Prayer saves a life during farm attack
When Xavier Moll drove to his family’s farm Stolberg on 9 May 2008 to tell his parents about the birth of his niece, he was welcomed by killers. “When I saw the garage was open and there were things lying on the floor, I realised there was a problem,” he recalls. “I stopped, and as I tried to put the bakkie in reverse, one of them put a revolver against my head and said ‘Get out!’ He took hold of me behind the neck and walked up the stairs with me and then I saw my father’s body for the first time. He pushed me down onto my father with the revolver. He said, ‘Do you know him? Look how he looks – you are also going to look like this!’ I stood up and said, ‘My God, my father!’ Then, when I looked up the stairs, I saw the others running out.”
Xavier’s mother had been beaten and was bleeding profusely. When the killers had run out to Xavier, she had crawled to a bedroom. Xavier was then taken into the main bedroom and told to lie on the ground. He began to pray, “Lord, in Jesus’s name, I pray that if they pull the trigger, the bullet doesn’t go off.” Then a chrome 38 Special with a wooden handle was pushed into his face and the trigger pulled. “I saw how the hammer went up and then came down and the revolver went click – it didn’t go off and the Lord had spared my life.”
Confused, the attacker left the room, but was soon back with the others. Xavier was forced to strip to his underwear, his hands were tied with a metal clothes hanger and he was bundled into the shower. Again, he began to pray.
Then an order was given via a two-way radio to shoot him, but his would-be assassin was shaken. “He looked at me, looked at his friend, looked at me again and said, ‘I can’t shoot him, he keeps on saying Jesus Christ, Jesus Christ. Come let’s leave him with the children in the bedroom.” Within minutes the gang had sped off in Xavier’s bakkie.

Thieves are colour-blind
Inland from the Caledon, the SAPS’s failures threaten the viability of an emerging farming enterprise. Isaac Khuto, a Grain SA Developing Grain Producer finalist for 2008, produces mainly maize and wheat on 130ha, and runs 40 beef cows and 135 sheep on his farm Diyatalana and hired land. When I asked Isaac about how cross-border crime affects emerging farmers, he cut me off. “Oh, don’t talk, don’t even talk.

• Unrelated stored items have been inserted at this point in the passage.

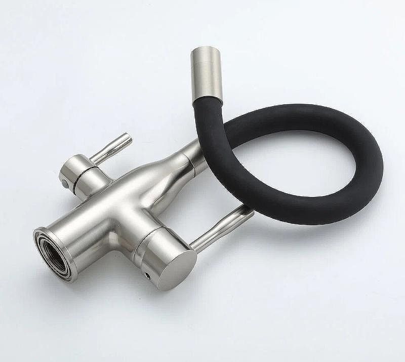Излив: поворотный, гибкий, с каналом для питьевой воды.
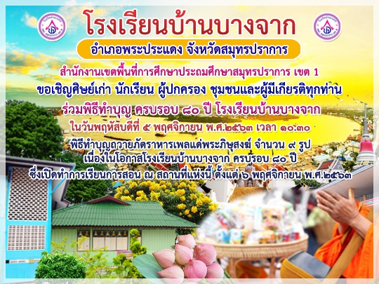 ขอเชิญศิษย์เก่า นักเรียน ผู้ปกครอง ชุมชนและผู้มีเกียรติทุกท่าน ร่วมพิธีทำบุญ ครบรอบ 80 ปี โรงเรียนบ้านบางจาก
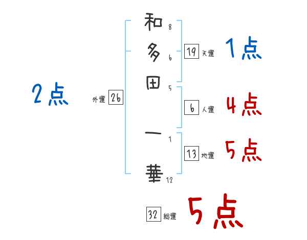 総運![]() | 和多田一華さんの総運は32画の5つ星!柔軟性があり成功する。チャンスが多く金運が良い。 あなたの人生を表す1番重要な運勢です。生涯を通じて影響する総合運となり、主に50歳以降の晩年期に影響を及ぼします。 |
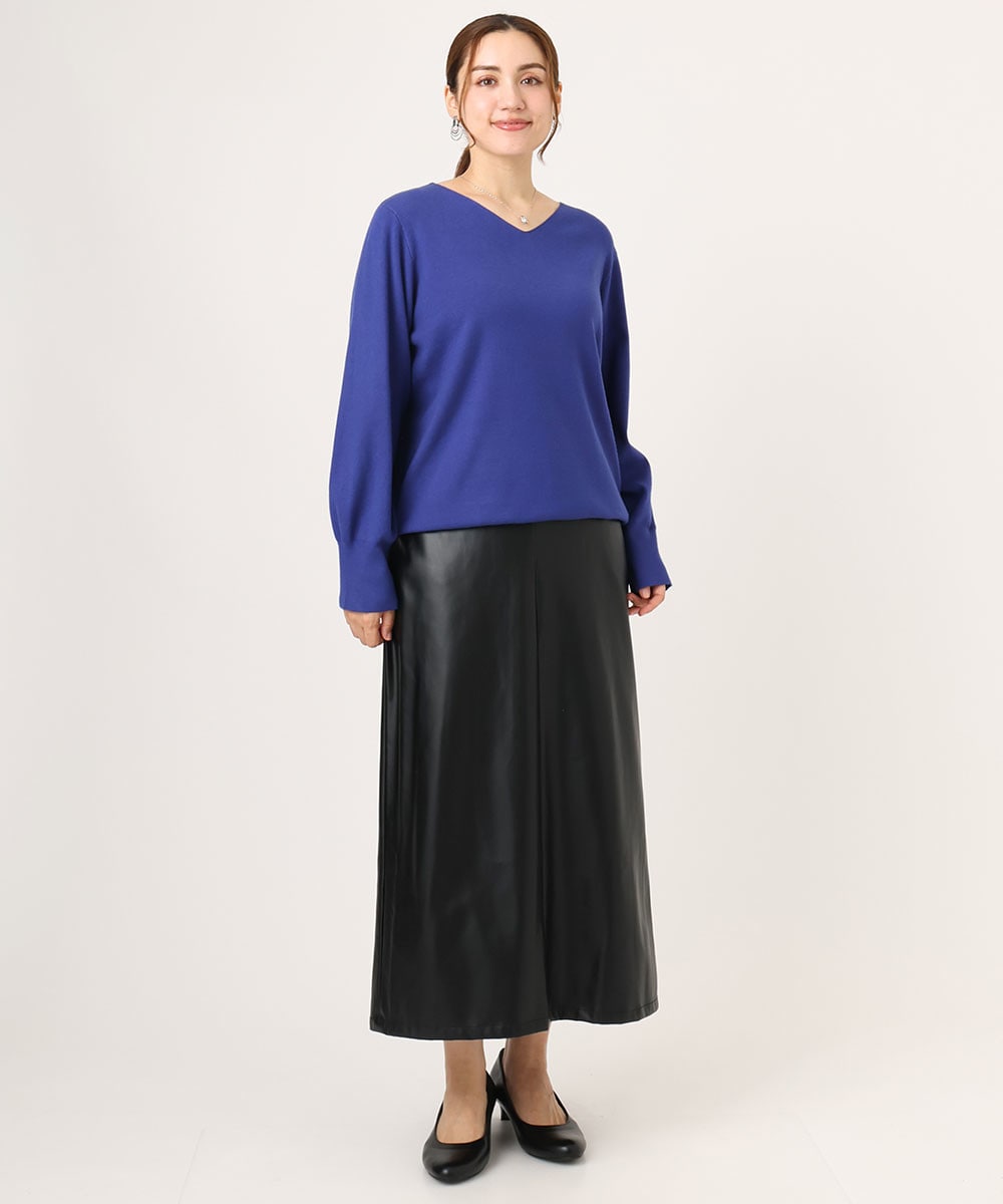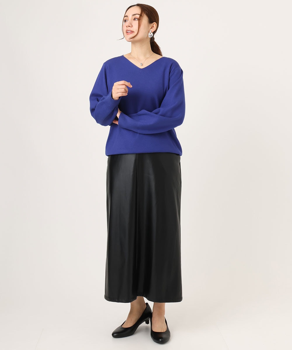 シルエットのきれいなスカートときれい色のニットできちんと感を。
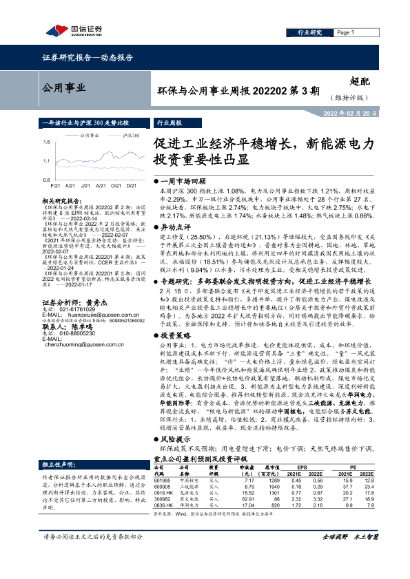 【国信证券】【20220220】环保与公用事业周报202202第3期:促进工业经济平稳增长,新能源电力投资重要性凸显-24页
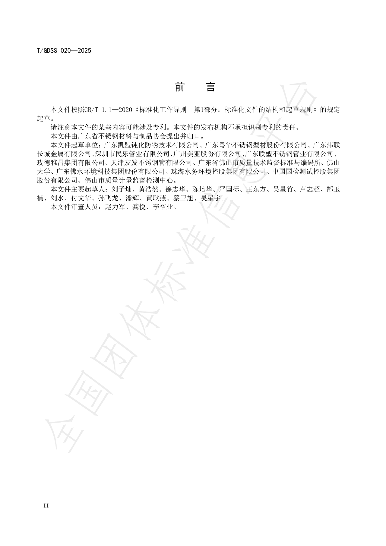 本文件起草单位:广东凯盟钝化防锈技术有限公司、广东粤华不锈钢型材股份有限公司、广东炜联长城金属有限公司、深圳市民乐管业有限公司、广州美亚股份有限公司、广东联塑不锈钢管业有限公司、玫德雅昌集团有限公司、天津友发不锈钢管有限公司、广东省佛山市质量技术监督标准与编码所、佛山大学、广东佛水环境科技集团股份有限公司、珠海水务环境控股集团有限公司、中国国检测试控股集团股份有限公司、佛山市质量计量监督检测中心。

We have a big problem with the border.
All the black farmers are struggling with crime in the Ficksburg area, because a thief eats and steals wherever he gets the chance. They don’t care if you’re black or white.”
He says he often loses sheep to thieves, including 57 in August and September 2008. It’s a real threat to the viability of his fledgling
enterprise – especially since his ripening maize is also systematically pilfered. As for his faith in the SAPS, Isaac just laughs. On one occasion, he shared information with the SAPS, but it was never acted upon, leaving him and his neighbour to pursue the thieves unsuccessfully.
He calls this suspicious behaviour, which he says indicates certain SAPS members may be involved in crime – not impossible, considering that in 2007/08 five SAPS officials were arrested for alleged involvement in, or assisting with, drug running in the Ficksburg district.
As for Isaac’s report, “To this day, the SAPS hasn’t come to ask what happened that day,” he says bitterly. “The police are involved.”
For more on Isaac’s farming enterprise, see our New Farmer section on pg 56.

The SAPS has its say
When I met SAPS communications officer Sergeant Majang Masupa in Ficksburg, she insisted that the SAPS is fighting crime as best it can. “We do have cross-border operations – we stop and search for dagga and all those things,” she assured me. “The Borderline Control Police patrol do professional police work.” Sergeant Masupa admits, however, that the amorphous Lesotho border is a problem, presenting dozens of press releases documenting cross-border crime and token SAPS successes. I get the sense that the SAPS knows it’s losing the battle against crime in Ficksburg, but in all fairness, as she explains, the SAPS can’t solve the major issue – the lack of a physical border. “We need a fence,” she says. “In Zone 8 (a certain section of the border) it’s easy to take stolen vehicles over the river. There is free movement. The issue must be discussed with the relevant departments. We did complain about it,” Sergeant Masupa says.